A Genetic Algorithm for Variable Selection

What is a Genetic Algorithm?

A Genetic Algorithm is a search-based algorithm inspired by the concepts of natural selection and survival of the fittest. Genetic Algorithms are commonly used to generate good-quality solutions to difficult optimization and search problems by relying on genetics-inspired operators such as selection, crossover and mutation. A Genetic Algorithm repeatedly modifies a population of individual solutions; at each step, the algorithm selects individuals from the current population to be parents and uses them to produce the offsprings, subject to potential mutations, for the next generation. Over successive generations, the population evolves toward better solutions.

In R-sw Discriminant, a Genetic Algorithm is used to identify the combination(s) of variables able to most accurately predict cluster membership, variables chosen from the set of variables specified by the user.

Population

A population is a subset of candidate solutions. A candidate solution is a specific combination of variables that is assessed in terms of how accurately it is able to predict the cluster membership.

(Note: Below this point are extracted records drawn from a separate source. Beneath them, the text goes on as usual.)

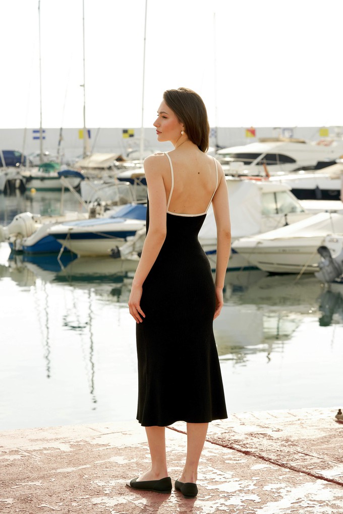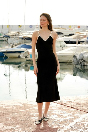 Crafted from sustainable Lenzing™ Ecovero with a luxurious stretch, this dress boasts a form-fitting minimalist silhouette, v-neckline, and woven piping for an elevated feel.
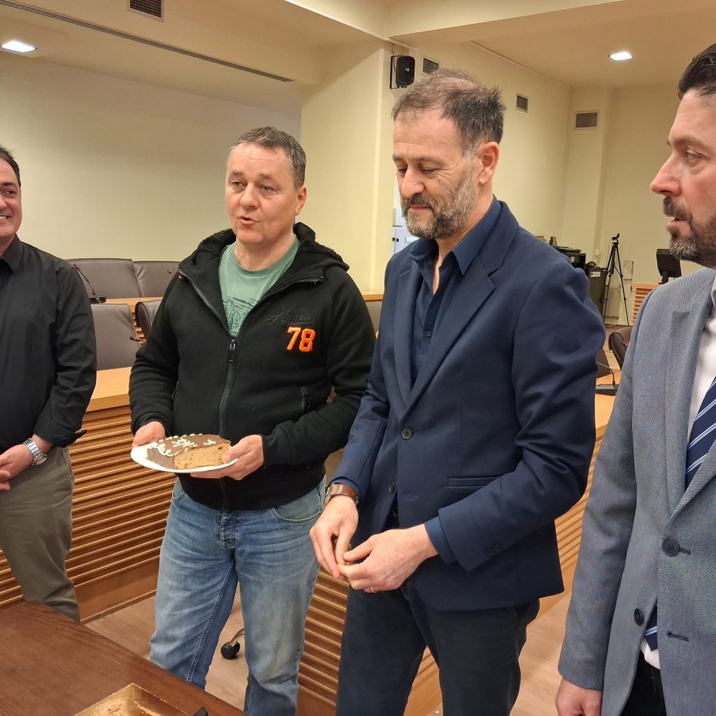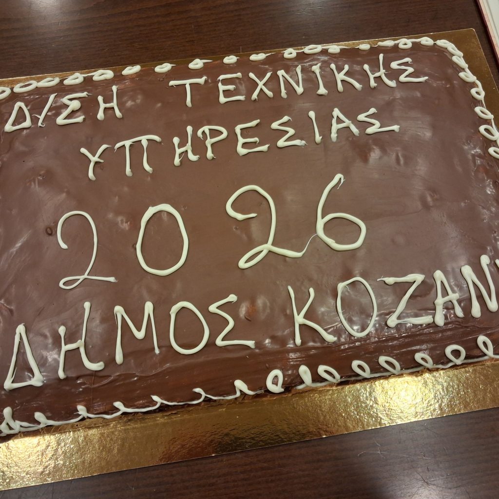 Τη βασιλόπιτά της έκοψε το μεσημέρι της Τετάρτης 4 Φεβρουαρίου 2026, η Διεύθυνση Τεχνικών Υπηρεσιών του Δήμου Κοζάνης στην Αίθουσα Κοβεντάρειο,με πολλές ευχές για μια καλή χρονιά γεμάτη υγεία και δημιουργία, παρουσία του Δημάρχου Γιάννη Κοκκαλιάρη, του αρμόδιου Αντιδημάρχου Κώστα Βόμβα, του Προϊσταμένου Μιχάλη Πεχλιβανίδη και των εργαζομένων της Υπηρεσίας.
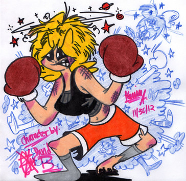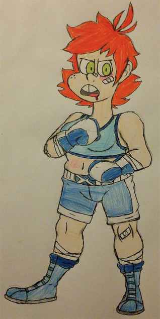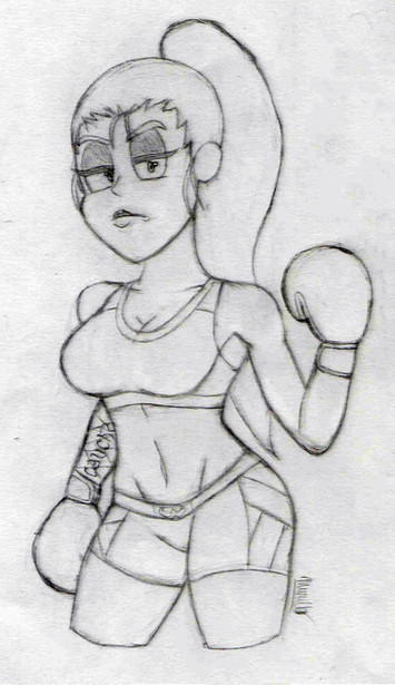 I tried to make her look like she just left a recent round with a black eye and a bloody nose, but now she's ready to get back in the ring! I know her legs look a bit weird. I was trying to make her look a bit muscular- after all she is a boxer.
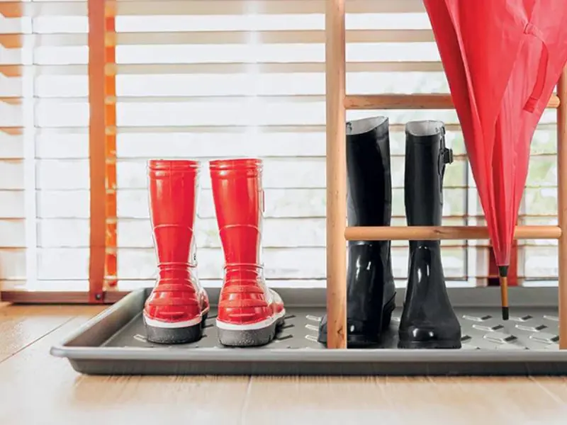 Le tapis en plastique peut servir de plateau goutte-à-goutte pour les chaussures, ou pour transplanter des fleurs et d’autres tâches ménagères. Par exemple, pour le coffre d’une voiture, pour le garder au sec.
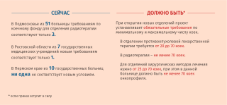 Требования к числу коек могут привести к снижению доступности онкологической помощи для населения: анализ российского коечного фонда для онкологического направления показал, что данным требованиям не удовлетворяют многие областные и федеральные госбольницы, указывается в протоколе рабочей группы по «регуляторной гильотине».

The Genetic Algorithm is based on a generational model:

an initial population is populated with random solutions (random initialization);
a solution could be characterized by a specific and pre-defined number of variables (e.g., 5 variables) or the user could allow the number of variables in the solution to vary between a minimum and a maximum, e.g. between 4 and 7 variables;
it is possible to force one or more variables into each solution;
at each iteration (generation) n x 2 parents are identified and n off-springs are generated, where n is the population size. Therefore the entire population is replaced by the new one at the end of the iteration;
the maximum number of generations to be considered is specified by the user.

The Fitness Function

The fitness function is a function that considers a candidate solution and produces, as output, the level of fit of the solution, i.e, how accurately the variables in the solution predict cluster membership. Objective of the Genetic Algorithm is to maximize the fitness function, i.e., identifying those candidate solutions that have the highest accuracy in predicting cluster membership.

Details:

The fitness function is based on either a linear discriminant analysis model or a quadratic discriminant analysis model.
The discriminant model could be fit to the full dataset and tested against the same, or the model could be cross-validated through repeated random sub-sampling validation. In the latter case, the dataset is split into training and testing datasets. The training dataset is characterized by 50% of the records (randomly extracted), while the testing dataset is characterized by the remaining records. The discriminant model is fit to the training dataset and then its predictive accuracy is assessed using the testing dataset. The process is repeated as many times as specified by the user and the results are then averaged to produce the reported fit.
The fit reported by the fitness function could be adjusted by the number of variables in the candidate solution. This could be useful as the algorithm might be asked to considers subsets of variables of different size and one might want to set a specific amount to be subtracted from the classification accuracy of the model for each variable appearing in the solution. By applying an adjustment, the more variables there are in the model, the lower its reported classification accuracy; this is done to privilege models with fewer variables. If an adjustment is not requested, a larger number of variables will tend to be selected as these are likely to result in a higher classification accuracy.

Parent selection

Fitness Proportionate Selection (FPS) is the approach used for parent selection.

Members of the population can be deemed eligible to become parents if they meet the minimum level of fit (i.e., classification accuracy) specified by the user. If the threshold is too high, most members of the population won’t be able to become parents (have offspring) and the Genetic Algorithm will not work well.
Every eligible member of the population can become a parent with a probability proportional to its fitness (classification accuracy). More accurate candidate solutions have a higher chance of mating and propagating their features to the next generation, thus there is the tendency to evolve better solutions over time.
It is possible to affect the FPS of parents through a scaling parameter. The larger this scaling parameter, the larger is the likelihood for parents with high fit to be selected versus parents with low fit.

Offspring generation

An offspring is produced using the genetic material of two parents.

The approach used is multi point crossover. Features from each parent (i.e., a subset of the variables characterizing the parent solution) are randomly selected to create the offspring.
The offspring has got a small probability to go through a mutation, which is a random tweak in its features. Mutations are required to maintain and introduce diversity in the population and attempt to prevent the Genetic Algorithm converging to a local minimum.
If the offspring is selected for mutation, one of the variables in the offspring solution is randomly selected and dropped and one variable currently not in the offspring solution is randomly selected and added to it.

Termination conditions

The Genetic Algorithm process stops when:

all members of the population have the same classification accuracy;
the target classification accuracy has been reached by at least one member of the current population;
there has been no improvement in the classification accuracy for a pre-specified number of generations;
the number of pre-specified generations has been reached.